Capítulo 6 - Explicações, mentiras e lutas.


E finalmente, depois de três dias, todas as pessoas que a organização por trás de 001 foram recrutadas com êxito. E encaminhados para um lugar que qualquer um saberia dizer que não era uma organização criada há poucos meses com apoio de todas as outras. Enfim, o lugar que os recrutados se encontravam era uma casa com três andares e respectivamente doze quartos cada um com seu banheiro, uma cozinha bem abastecida e uma sala com todos os canais disponíveis, ao redor da casa haviam quatro belas árvores com um jardim. E todos os recrutados estavam no primeiro andar depois que 001 pediu que aguardassem por sua explicação completa.

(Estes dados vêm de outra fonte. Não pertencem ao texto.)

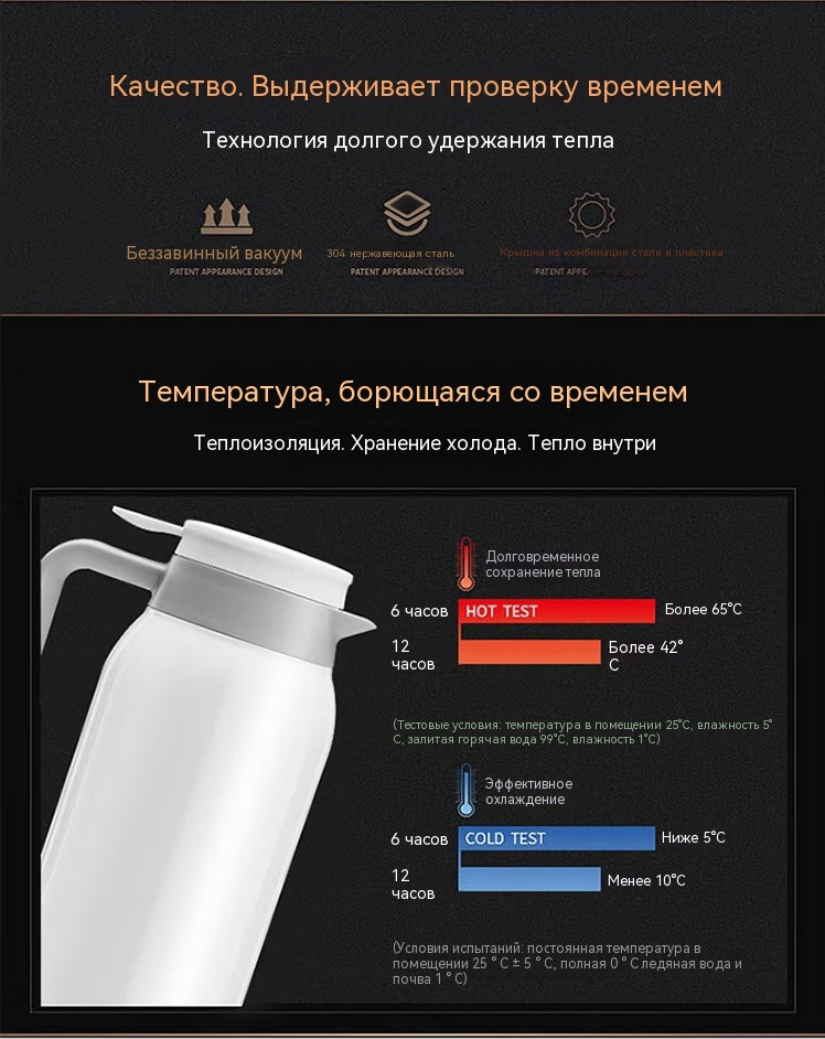 ● Вакуумная внутренняя колба для улучшенного сохранения тепла и холода.

- Regras. – 001 começou assim que o ultimo se sentou. – Como na sociedade essa casa tem regras. – Ele continuou. – Não saiam por aquela porta sozinhos e ninguém de fora deve entrar. Vocês são adolescentes por isso podem ir para qualquer lugar, mas quero saber aonde vão. – Ele cruzou os braços enquanto continuava com sua explicação. – As quatro árvores lá fora estão equipadas com sensores de movimento, sensores térmicos e detectores de metais. Elas saberão quando é um animal ou uma pessoa com uma arma para matar cada um de vocês. – Ele acenou para uma das janelas. – Os vidros são a prova de bala, mas o tiro de uma bazuca com certeza fará alguma coisa. – Ele continuou. – A câmeras espalhas por esse terreno, se um cachorro urinar em uma planta, saberei em quais patas ele se apoiou, por quanto tempo durou e a cor do xixi. –

- Teremos internet? – Mikaella perguntou. Todos concordaram com ela.

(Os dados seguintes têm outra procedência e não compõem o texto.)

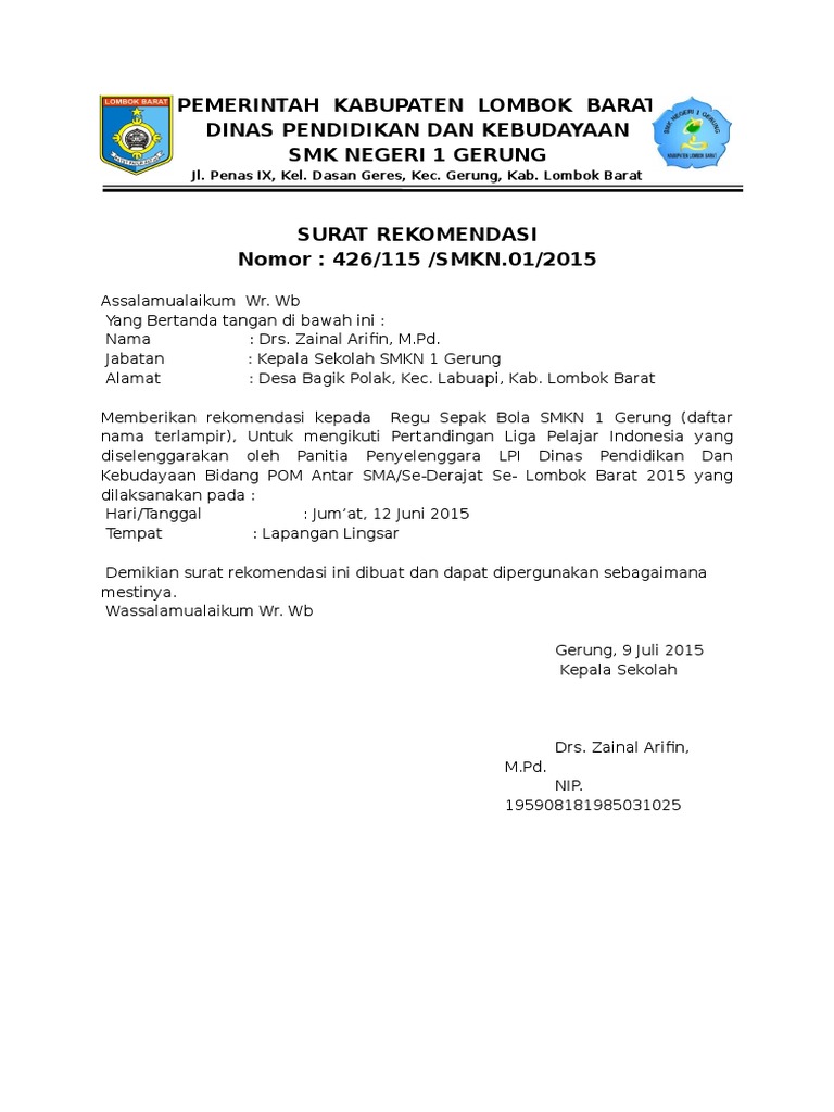 Surat Rekomendasi Dari Sekolah Untuk Mengikuti Lomba Sumber : bagikansurat.blogspot.com

- Sim, e com o melhor sinal de download e upload para que vocês, mulheres, façam o que preferir, e você homens, façam de portas fechadas em seus quartos. – 001 olhou para cada homem com um olhar de “Vocês são animais”. – Vocês devem entender que só a Majest tem conhecimento desta casa. Claro, vizinhos e correio também. Se um desconhecido bater naquela porta vocês tem permissão para matar. –

- E porque não estamos na Majest? – Katrina perguntou.

- Porque vocês são civis. – 001 respondeu. – Alguns mais inteligentes do que outros. Que não perderiam uma oportunidade de hackear nossos sistemas. – O agente olhou para uma em especial. – Enquanto forem civis não saberão onde é localizada a Majest. Não saberão nada além de que sou um membro dela. – 001 cruzou os braços ao fim daquela explicação.

- Não confia na gente? – Akai perguntou depois de erguer um dos braços.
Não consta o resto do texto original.